The science of eclipses

The study of the Earth's shadow projected on the Moon allows us to deduce that the Earth is spherical. The Ancient Greeks worked this out. Using lunar eclipse timing, as far back as 3rd century BC Aristarchus from Samos estimated the lunar diameter. Using Eratosthene's previous measurement of the Earth's diameter, he deduced the Earth-Moon distance. Hipparcos (150 BC) and Ptolemeus (2nd century AD) improved with impressive precision the measurements of the lunar diameter and Earth-Moon distance.

In the 17th century, in order to improve longitude determination, absolute cartography made use of lunar eclipse phenomena, which were observable simultaneously from different points.
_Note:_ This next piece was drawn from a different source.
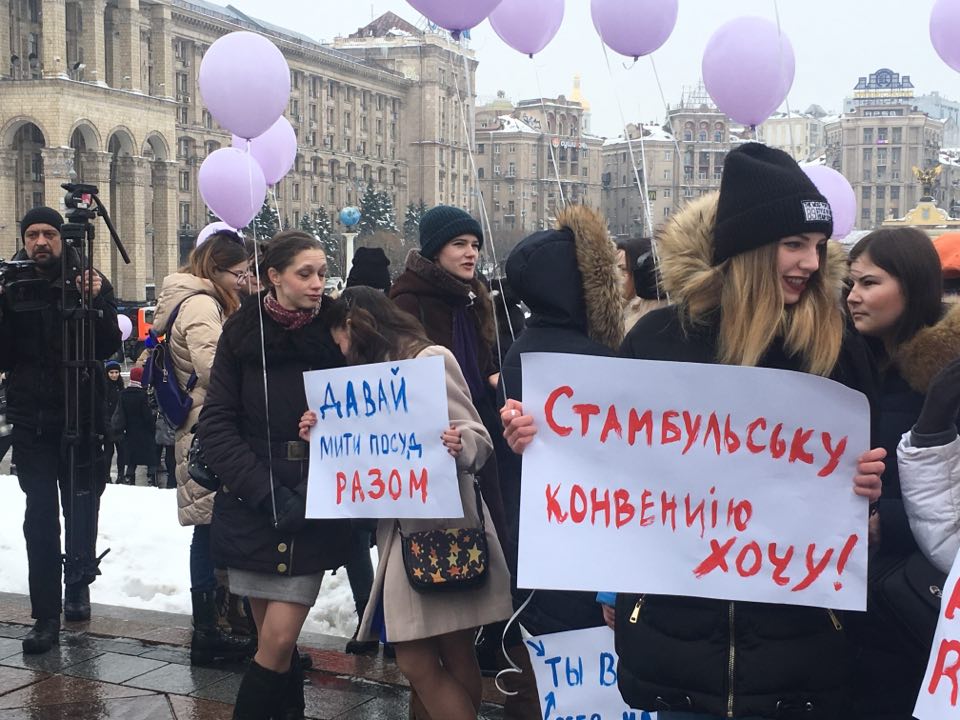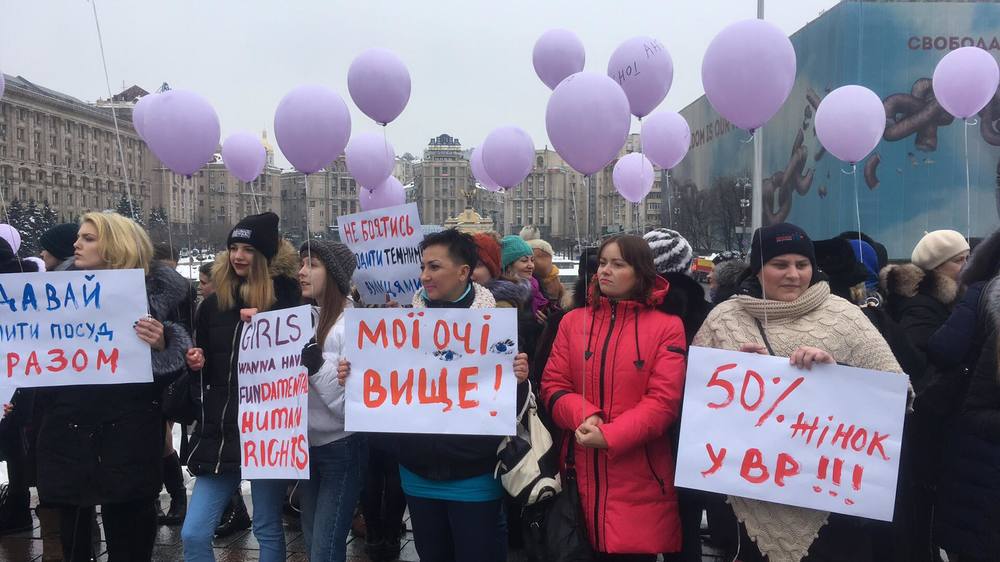 Среди лозунгов участников мероприятия - "Давай вместе мыть посуду", "Давай вместе воспитывать детей", "МАТИ вибір" (иметь выбор), "МАТИ можливості" (иметь возможности), "Мы - настоящие Национальные Дружины", "Хочу рожать детей, а не военных", "Дорогенька, я твій През", "Трюдо лучше Гройсмана, потому что феминист".

Today, during lunar eclipses, laser ranging measurements can be made with great accuracy using reflectors placed on the Moon during the Apollo and Lunakhod missions. This has allowed more precise measurement of lunar acceleration and the slow down in the Earth's rotation.

Analysis of the refracted light of the Earth's atmosphere during lunar eclipses has also made it possible to show that atmospheric ozone is confined to a layer between 50 and 80 km above the Earth's surface.

Eclipses and scientific discovery

The ancient Greeks and Romans used dated references to eclipses to improve the calendar. They also noted phenomena related to eclipses. The corona seen during eclipses was only identified as a solar phenomenon in the middle of the 19th century. Until then it was thought that the corona might come from terrestrial smoke, or that it indicated a lunar atmosphere. Kepler attributed it to solar light refracted by the atmosphere of the Moon. Even Halley (who predicted with success the path of the 1715 eclipse) and Arago interpreted the corona to be lunar in origin.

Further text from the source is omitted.